The case, Henson v. Santander, looks pretty innocuous at first reading. But the Roberts Court's deference to big business, and lack of experience about the real-world legislative implications of their legal debating club, turned this decision into a huge win for financial predators. It's now up to Congress to fix what Gorsuch and friends broke. But with the current group in charge, don't hold your breath.
Here's what the case is about. Citi Financial Auto made a series of car loans, and then sold the defaulted debts to the Spanish bank Santander, which subsequently tried to collect. The plaintiffs allege that Santander violated the Fair Debt Collection Practices Act (FDCPA) of 1977 by harassing and intimidating the debtors. The FDCPA protects debtors from such practices, enabling them to file suit against the debt collector, with hefty fines for misconduct.
Santander argued that it bought the debts outright and wasn't attempting to collect them on someone else's behalf, as debt collectors regularly do. Therefore, it was exempt from the FDCPA. Two courts agreed with Santander, but the appeal went to the Supreme Court.
At this point we have to perform the drudgery of examining the FDCPA statutory text for how it defines "debt collector." It's a fairly targeted definition, with exemptions for government officials, process servers, nonprofit credit counselors, and originators of the debt. A "debt collector," under the statute, means any business whose principal purpose is collecting debts, or a business that regularly collects "debts owed … another."
This definition, written in 1977, predates the rise of the debt buyer. Since then, however, debt buying has become a multibillion-dollar industry whose participants purchase defaulted debt for pennies and harangue the debtors for the money.
The question raised by Gorsuch's opinion is whether a debt buyer should be exempt from the main rule preventing abhorrent misconduct in this industry, just because it bought the debt outright instead of trying to collect as a third party.
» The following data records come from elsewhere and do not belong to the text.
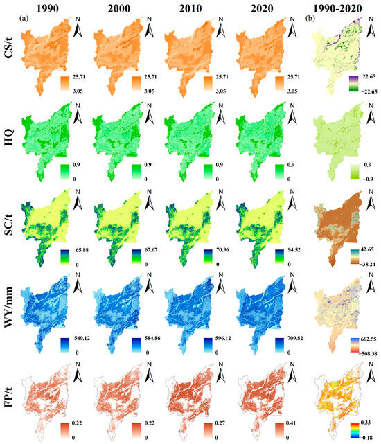 (a) Spatiotemporal distribution of ESs in the SJP from 1990 to 2020. (b) Spatiotemporal changes in ESs in the SJP.
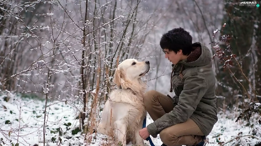 forest, dog, wander, Golden Retriever, girl, Path, winter
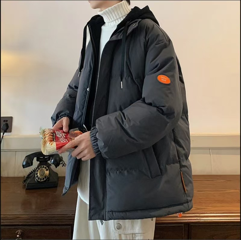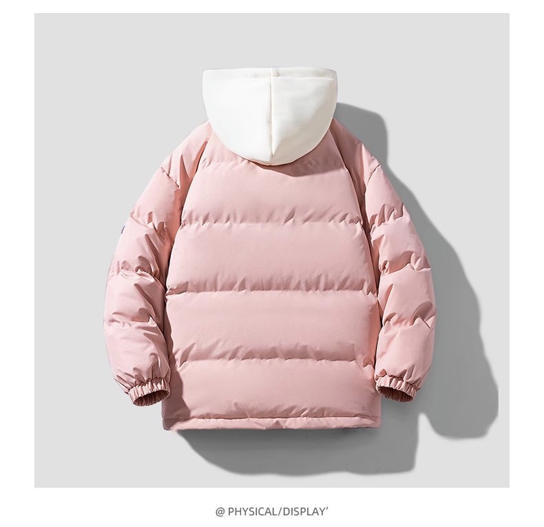 가짜 2 피스 코튼 패딩 의류 남성 겨울 루즈 캐주얼 두꺼운 따뜻한 코튼 패딩 재킷 일본 스타일 트렌디 한 커플의 후드 코튼 패딩 재킷스토어 가기

According to the Supreme Court, yes. Gorsuch weirdly throws out the first part of the definition—about a business with the principal purpose of collecting debts—writing that "the parties haven't much litigated that alternative definition" and the Court didn't agree to address it. So the only dispute here is over the "debts owed … another" clause.
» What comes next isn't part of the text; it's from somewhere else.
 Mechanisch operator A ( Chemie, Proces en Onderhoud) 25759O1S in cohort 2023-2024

There then follows a long passage about the meaning of those three words—if you are interested in questions of past participles, give it a read—concluding that "a debt purchaser like Santander may indeed collect debts for its own account without triggering the statutory definition in dispute."
Maybe that's a reasonable position. But you should understand the consequences. Debt buyers, who to this point had at least some legal exposure to the FDCPA, are now exempt from it, under one definition of "debt collector." That makes potential litigants reliant on the other definition—a business whose principal purpose is collecting debts. And some experts in this field believe this presents an opportunity for the buyer industry.
"It's almost a road map to me on how you can avoid the FDCPA," says noted consumer bankruptcy attorney Max Gardner, who runs a boot camp for lawyers fighting predatory lenders. As an international bank, for example, Santander could easily argue that its principal purpose is not debt collection, but originating loans. Other debt buyers could follow the "Santander defense."
"The biggest debt buyer in the country is called Sherman Acquisitions," Gardner says. "They own all sorts of subsidiaries. They also own two national banks. You can put two and two together." Sherman could merely claim that the national banks it owns are the debt collectors, and that's not their primary purpose. And if the courts agree, the nation's largest debt buyer would be freed from following the FDCPA, and allowed to call and yell at you at three in the morning.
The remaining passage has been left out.